Non-Mobile Patients Transportation: Lean Production Principles

Dr. L.A. Fedyk, Head, Voluntary Certification System All-Russian Registr, Tyumen’, Russia info@9000-2001.ru

Dr. G.N. Shestakova, Head Physician, Surgut Region Clinical Hospital, Doctor-organizer of Health, Higher Category, Surgut, Russia

А.S. Tkachenko, Doctor-methodist, Higher Category, Head, Department of Standardization and Safety Medical Activity, Surgut Region Clinical Hospital

Yu.V. Dolgikh, Expert on QMS Certification, Voluntary Certification System All-Russian Registr, Tyumen’, Russia

key words

risk-focused thinking, GOST R ISO 9001–2015, FMEA-analysis, process, risk reduction, definition of probability

We have shared the work principles of the Surgut District Clinical Hospital on the basis of implementing the ISO 9001–2015 standard’s requirements, as well as the opportunities for improving processes based on Lean production principles and a risk- based approach.
Risk management in the organization occurs with the help of modern techniques, for example FMEA-analysis of the process.
We have lead detailed process and have found out, that it demands significant time from medical workers.
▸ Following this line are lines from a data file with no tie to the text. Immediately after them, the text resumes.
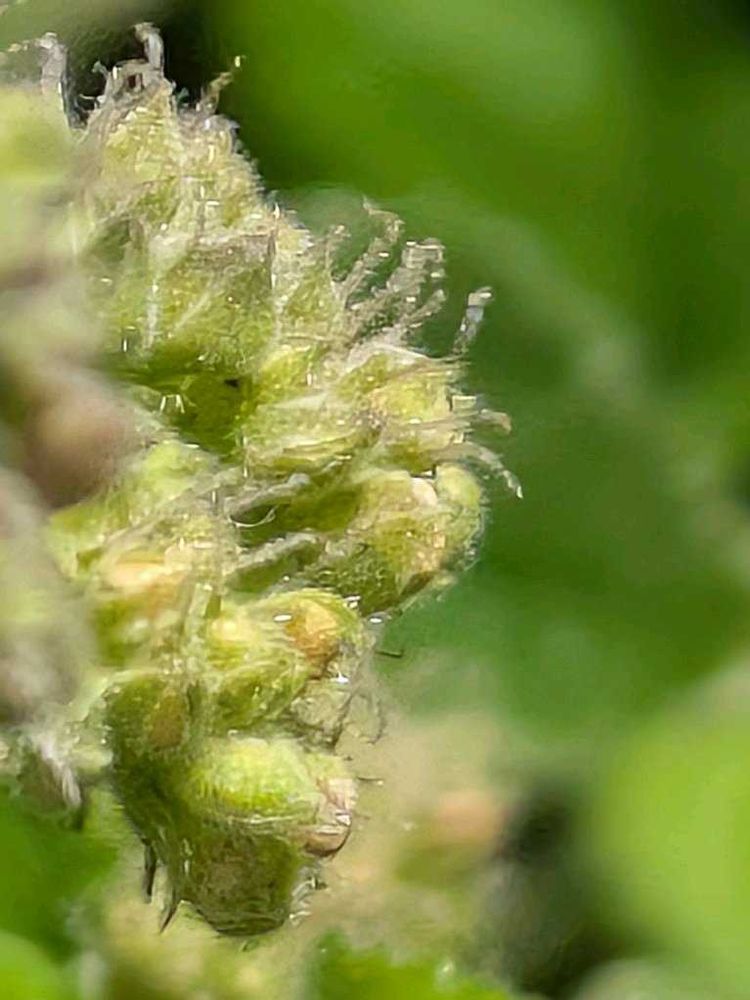 雌花は閉じたまま花被片の隙間から花柱を外に伸ばす。ヒョロヒョロ見えるのが花柱と思います。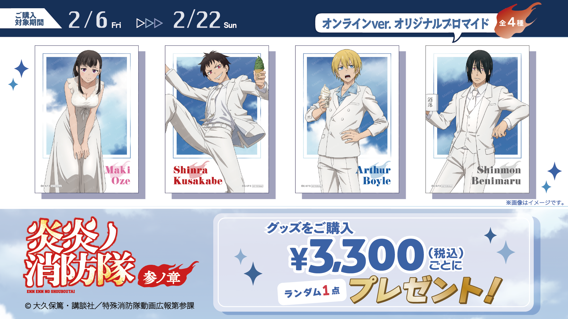 本イベントの描き下ろしイラストのテーマは、シンラ、アーサー、マキ、紅丸の4人が屋上で爽やかな白い衣装を身にまとった “ルーフトップ ” です。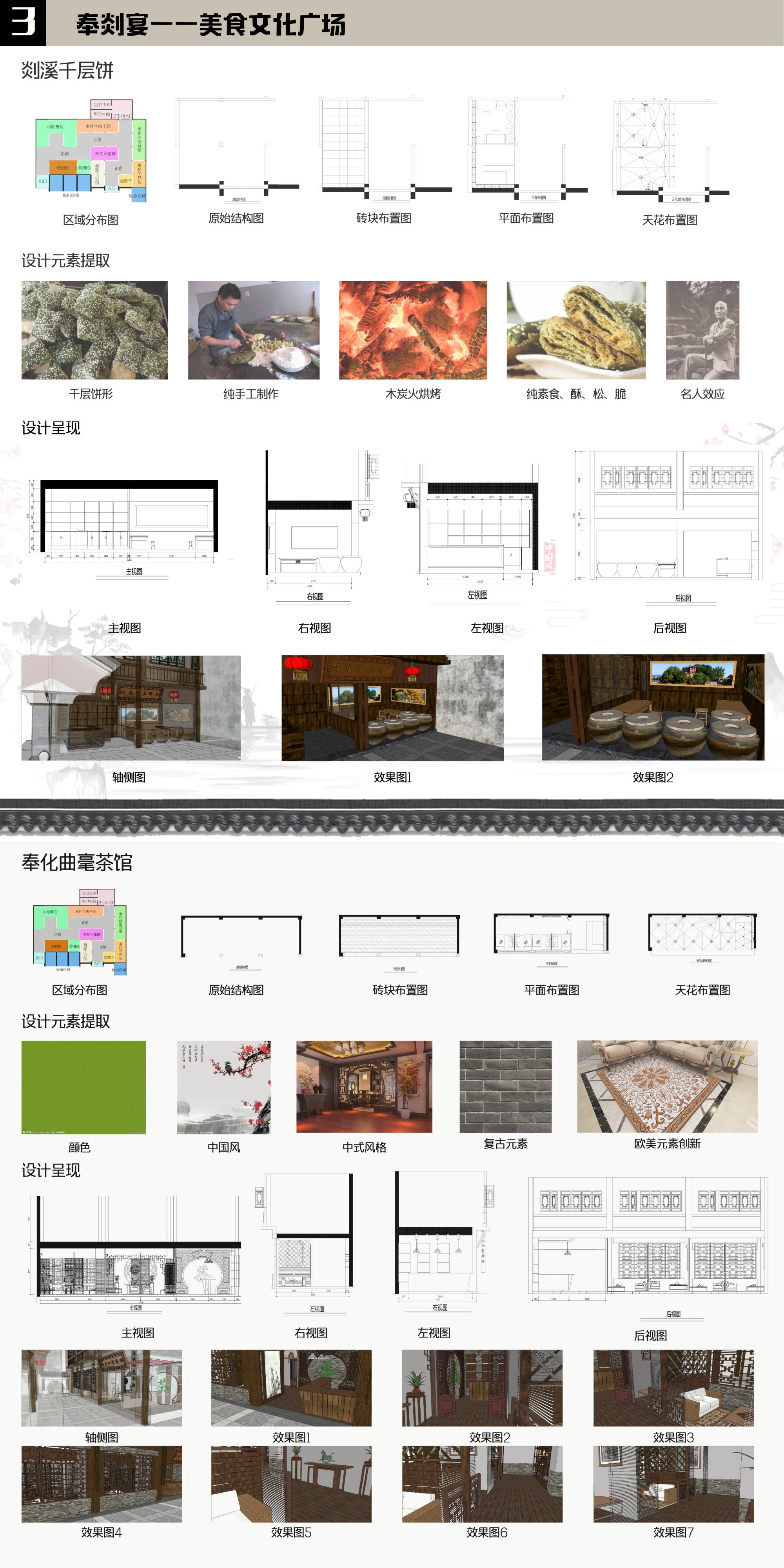 “奉剡宴”美食文化广场的设计以溪口民国风情街为中心,辐射周边各地方特色美食,实现当地特色旅游文化及特色美食文化的完美融合。通过美食及展示内容的呈现,充分实现各美食小吃色、香、味、形、民俗习惯及历史典故的完美表现,让人们更好的去体会美食及地区文化的美。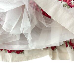 Elegant white duppioni silk dress with lavish red rose floral on skirt. Fitted top with cap sleeves. Red velveteen sash and bow at waist. Inside lining and tulle-enhanced petticoat offer extra pop.

It negatively affects on other patients quality service. In this connection we had been created service of non-mobile groups patients support as separate structural unit. The lead reorganization has allowed to lower expenses for transportation almost twice, including expenses and inefficient use of time as main resource have as much as possible decreased.
The calculation of the probability and significance of risk has shown that the risk of patient falls during transportation is one of the main risks. Clear working instructions and algorithms of the transportation process have been developed, the implementation of which is checked once a quarter for internal audits. Prevention of fall is carried out at all stages of transportation.
We also have taken into account the climatic conditions of the seasons. The results of non-mobility patients transportation process centralization are:

increasing the quality of care for all hospital patients;

reduction of time spent by qualified personnel on low-skilled labor with the possibility of providing nursing assistance to patients within the limits of the standard;

rationally constructed logistics of vehicles allowed to reduce the number of vehicles for transportation of patients from five to two;

improved the prevention of falling in the non-mobile groups.